There are local languages in every region of the world. The regional difference leads directly to the difference of language environment. In the process of developing an internationalized program, it is important to deal with language problems.
This is a world-wide problem, so Java provides a worldwide solution. The method described in this article is used to deal with Chinese, but, by extension, it is equally applicable for languages that deal with other countries and regions of the world.

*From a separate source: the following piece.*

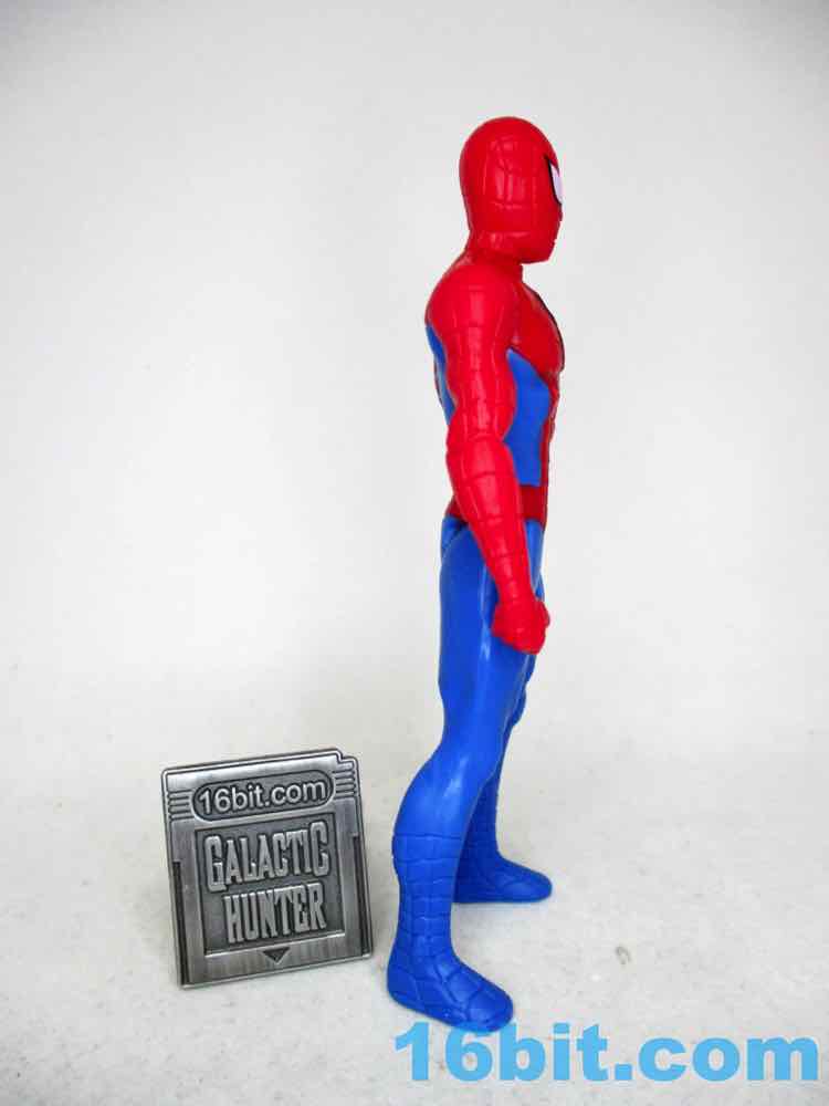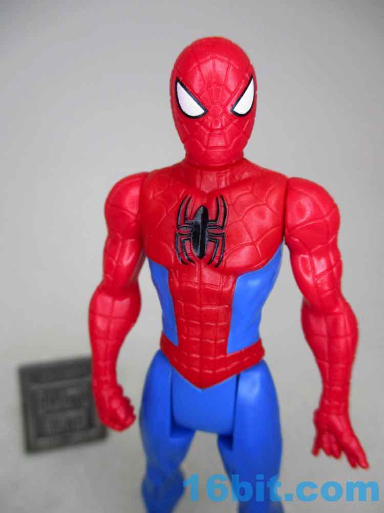 While the figure does look something like a bootleg thanks to the all-blue legs and all-red arms, it has a perfectly painted black spider logo on his chest and that molded red one on the back. It's also worth noting that his eyes were exquisitely centered on flat raised elements on the head, with a white blob and a black outline looking stellar. It'd look better with a thicker black outline, but I assume these guys not looking quite perfect is the point of Hasbro's "value" toy program. These value toys assure the world that kids can get an official and cheap Bumblebee or Optimus or Spider-Man, but they never look quite as good as the toys that cost $15 or more.
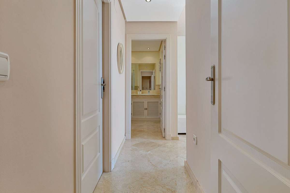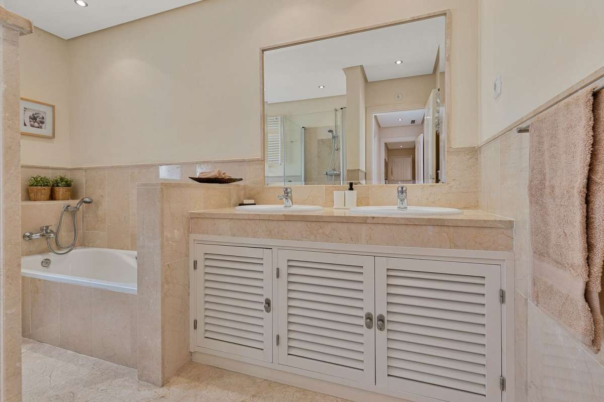 The master bedroom is both spacious and elegant, featuring direct access to the terrace, a large walk-in dressing room, and a luxurious en-suite bathroom with a walk-in shower and a bathtub with an additional shower overhead. The second bedroom is well-sized, with fitted wardrobes, and is served by an adjacent bathroom equipped with a large walk-in shower.

The Chinese characters are double-byte. The term "Double byte" refers to the position of a double word to occupy two byte (i.e. 16 bits), which is called High and low. China's encoding for GB2312, which is mandatory, is currently supported by almost all applications that can handle Chinese language GB2312. GB2312 includes one or two-level Chinese characters and 9-zone symbols, high from 0xa1 to 0xFE, low from 0xa1 to 0xFE, where the encoding range of Chinese characters is 0xb0a1 to 0xf7fe.
There is also a code called GBK, but this is a specification, not a mandatory one. GBK provides 20,902 Chinese characters, which are compatible with GB2312, and encode range of 0x8140 to 0xfefe. All characters in the GBK can be mapped to Unicode 2.0.
In the near future, China will enact another standard: gb18030-2000 (GBK2K). It included the Tibetan, Mongolian and other minority fonts, fundamentally solve the problem of lack of character. Note: It is no longer a fixed length. The second byte part is compatible with GBK, and the four-byte portion is an expanded character, glyph. Its first and third bytes are from 0x81 to 0xFE, two bytes and fourth bytes from 0x30 to 0x39.
This article does not intend to introduce Unicode, and interested in browsing "http://www.unicode.org/" to see more information. Unicode has an attribute: it includes all character glyphs in the world. Therefore, the language of each region can establish a mapping relationship with Unicode, and Java is the use of this to achieve the conversion between different languages.
In the JDK, the Chinese-related encodings are:
Table 1 List of Chinese-related encodings in JDK
Encoding Name |
Description |
Ascii |
7-bit, same as Ascii7 |
Iso8859-1 |
8-bit, with 8859_1,iso-8859-1,iso_8859-1,latin1 ... And so the same |
Gb2312-80 |
16-bit, with gb2312,gb2312-1980,euc_cn,euccn,1381,cp1381, 1383, Cp1383, ISO2022CN,ISO2022CN_GB ... And so the same |
GBK |
Same as MS936, note: case sensitive |
UTF8 |
Same as UTF-8 |
GB18030 |
As with cp1392, 1392, the currently supported JDK is very small |
In actual programming, more contact is GB2312 (GBK) and iso8859-1.
Why would there be "?" Resolution
As mentioned above, the conversion between different languages is done through Unicode. Suppose there are two different languages A and B, the steps of conversion are: first convert a to Unicode and then convert Unicode to B.
An example is provided. There is a GB2312 in the Chinese character "Li", which is encoded as "c0ee" and wants to be converted into iso8859-1 encoding. The steps are: first the word "Li" into Unicode, get "674E", and then "674E" into iso8859-1 characters. Of course, this mapping will not succeed because there is no character in the iso8859-1 that corresponds to "674E".
When the mapping is unsuccessful, the problem occurs! When converting from a language to Unicode, if there is no such character in a language, the Unicode Code "\UFFFFD" ("\u" representation is Unicode encoding) is obtained. From Unicode to a language, if a language does not have a corresponding character, then the "0x3f" ("?") is obtained. )。 This is the "?" The origin.
For example: the character stream buf = "0x80 0x40 0xb0 0xa1" to the new String (buf, "gb2312") operation, the result is "\ufffd\u554a", and then println out, the result will be "? Ah", because "0x80 0x40 "is the character in the GBK, not in the GB2312.
Again, the string string= "\u00d6\u00ec\u00e9\u0046\u00bb\u00f9" to the new string (Buf.getbytes ("GBK")), and the result is " 3fa8aca8a6463fa8b4 ", of which," \u00d6 "in" GBK "no corresponding characters, get" 3f "," \U00EC "corresponds to" A8ac "," \u00e9 "corresponds to" A8a6 "," 0046 "corresponds to" 46 " (because this is ASCII character), "\U00BB" did not find, get "3f", finally, "\u00f9" corresponds to "a8b4". Println This string, the result is "ìéf?ù". Did you see that? This is not all a question mark, because the GBK and Unicode mappings have characters in addition to Chinese characters, and this example is the best proof.
Therefore, in the Chinese character transcoding, if there is confusion, it is not necessarily all the question mark Oh! However, the wrong is wrong after all, 50 steps and 100 steps and no qualitative differences.
Or ask: What happens if there are in the source character set, but not in Unicode? The answer is not to know. Because I don't have the source character set to do this test on hand. But one thing is for sure, that is, the source character set is not specification. In Java, if this happens, it throws an exception.